From Beirut, Lebanon, Syed Hassan Nasrallah, the leader of Hizbollah, called Trump’s statement the Second Balfour Declaration. The first Balfour Declaration was made by the then imperial power, Britain. It promised to seize Palestinian land and give it to European Jewish settlers; this would be an antidote to European anti-Semitism. Trump’s declaration, by the current imperial power, gives Israelis carte blanche to seize more Palestinian land. In both cases, Nasrallah said, no one spoke to the Palestinians. It is for this reason that Nasrallah called for an intifada—an uprising, the Third Intifada.

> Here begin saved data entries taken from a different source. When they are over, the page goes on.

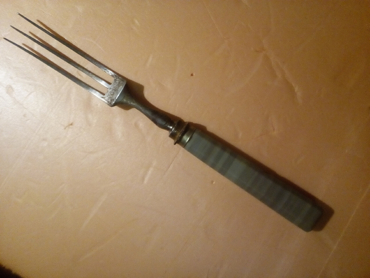 Ручки у двух из офиокальцита, у третьей - амазонит... Первая (имхо) - конец 18 века, вторая - третья четверть 19 в (не точно), третья точно 1830 г. Какое-то клеймо непонятное... И я только сегодня догадался: Это может быть ввозная проба. А вилка - Иран. Из фруктового набора.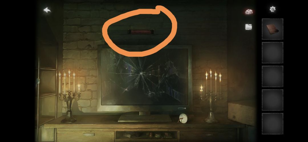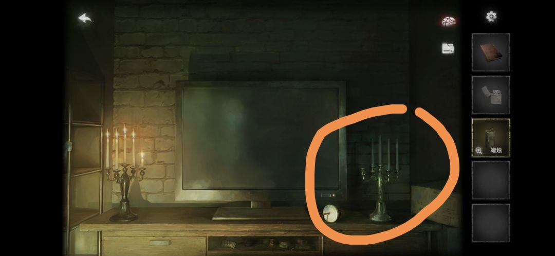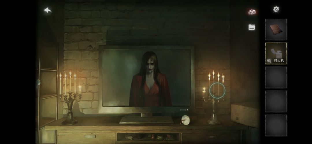 讲蜡烛按在电视旁边的烛台上,用打火机点亮蜡烛(有高能md吓死我),拾取红书
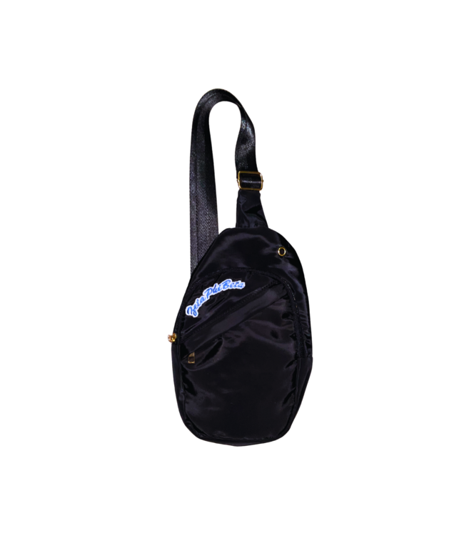 Black nylon crossbody with vertical zip front pocket. Perfect for games, shopping and chilling. Adorned with Zeta Phi Beta Patch.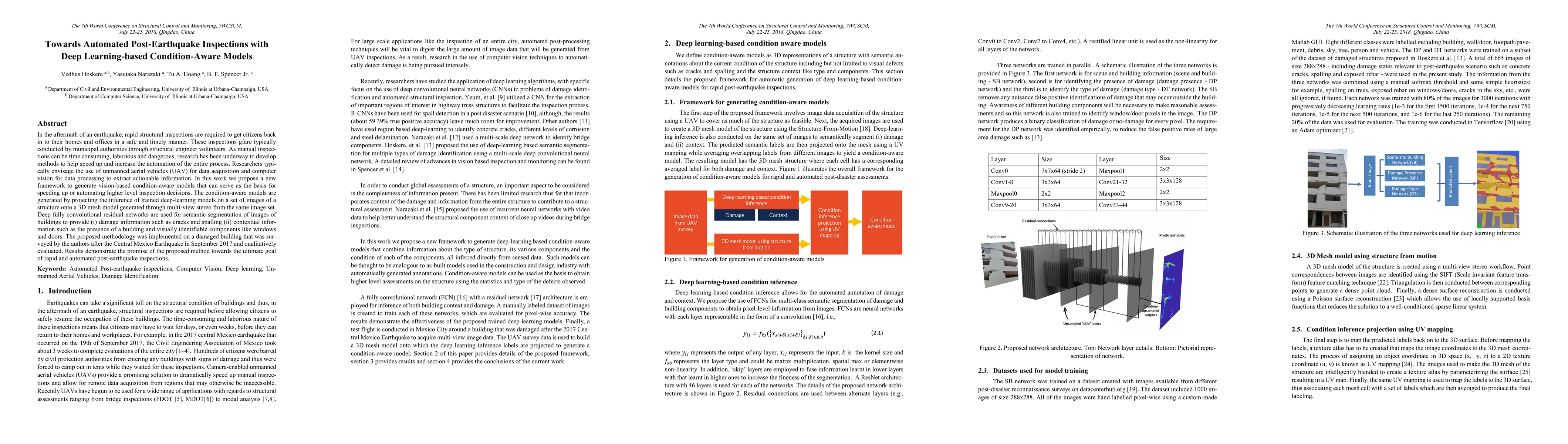 This paper proposes a deep learning-based framework for automated post-earthquake inspections using UAVs and computer vision. The method generates condition-aware 3D models by projecting deep learning segmentation results onto structural meshes, providing damage and contextual information to expedite inspection processes.

Trump’s inflammatory decision came just before he signed an extension that allowed the U.S. embassy to remain in Tel Aviv. The U.S. embassy will not move to Jerusalem for at least six months, when Trump will again have to revisit the twice-annual ritual in the U.S. for the President to sign this extension. It is unlikely that the U.S. will actually move its embassy. This seems more dangerous theatre than anything else. It is another of Trump’s mischievous political acts; he pleases his base, including conservative Christian evangelicals, and he creates news.
Meanwhile, in Palestine, children like Al-Junaidi suffer. It has been their lot for decades.